**Recorded data:**

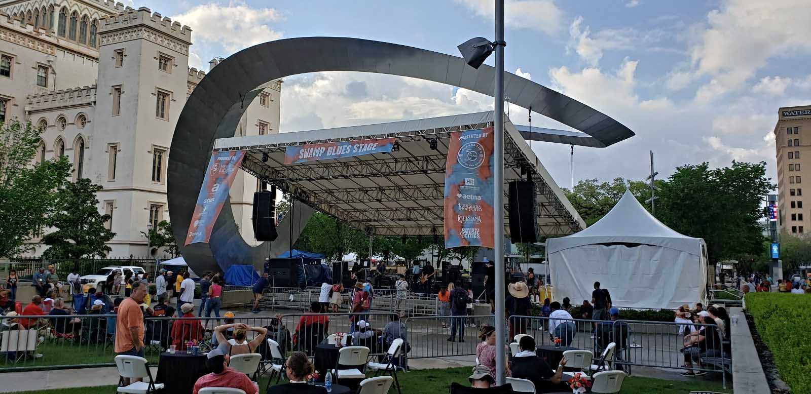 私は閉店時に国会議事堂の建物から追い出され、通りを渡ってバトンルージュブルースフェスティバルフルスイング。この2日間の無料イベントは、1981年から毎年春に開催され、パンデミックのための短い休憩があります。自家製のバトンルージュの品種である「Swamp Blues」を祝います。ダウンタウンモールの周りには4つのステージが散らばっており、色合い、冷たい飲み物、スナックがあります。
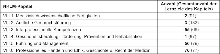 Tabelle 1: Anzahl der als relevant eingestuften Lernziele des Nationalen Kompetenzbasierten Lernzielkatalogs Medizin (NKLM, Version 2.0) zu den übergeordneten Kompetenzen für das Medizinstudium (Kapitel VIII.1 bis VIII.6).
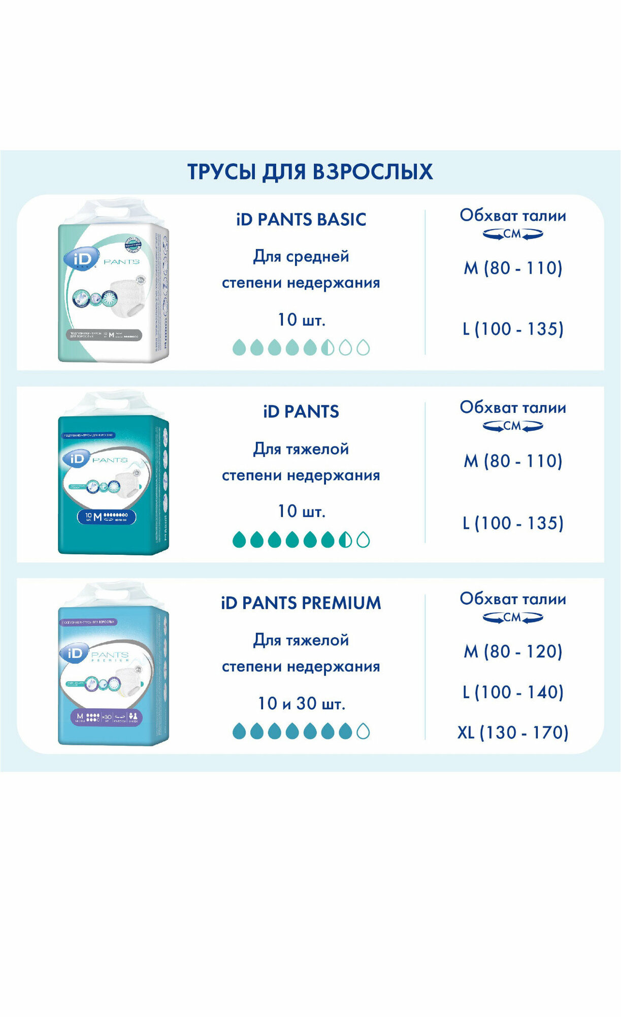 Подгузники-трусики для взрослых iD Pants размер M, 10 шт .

**Task:**
Write out the listing above in full, word for word, with no pictures.

**Expected answer:**
 私は閉店時に国会議事堂の建物から追い出され、通りを渡ってバトンルージュブルースフェスティバルフルスイング。この2日間の無料イベントは、1981年から毎年春に開催され、パンデミックのための短い休憩があります。自家製のバトンルージュの品種である「Swamp Blues」を祝います。ダウンタウンモールの周りには4つのステージが散らばっており、色合い、冷たい飲み物、スナックがあります。
 Tabelle 1: Anzahl der als relevant eingestuften Lernziele des Nationalen Kompetenzbasierten Lernzielkatalogs Medizin (NKLM, Version 2.0) zu den übergeordneten Kompetenzen für das Medizinstudium (Kapitel VIII.1 bis VIII.6).
 Подгузники-трусики для взрослых iD Pants размер M, 10 шт .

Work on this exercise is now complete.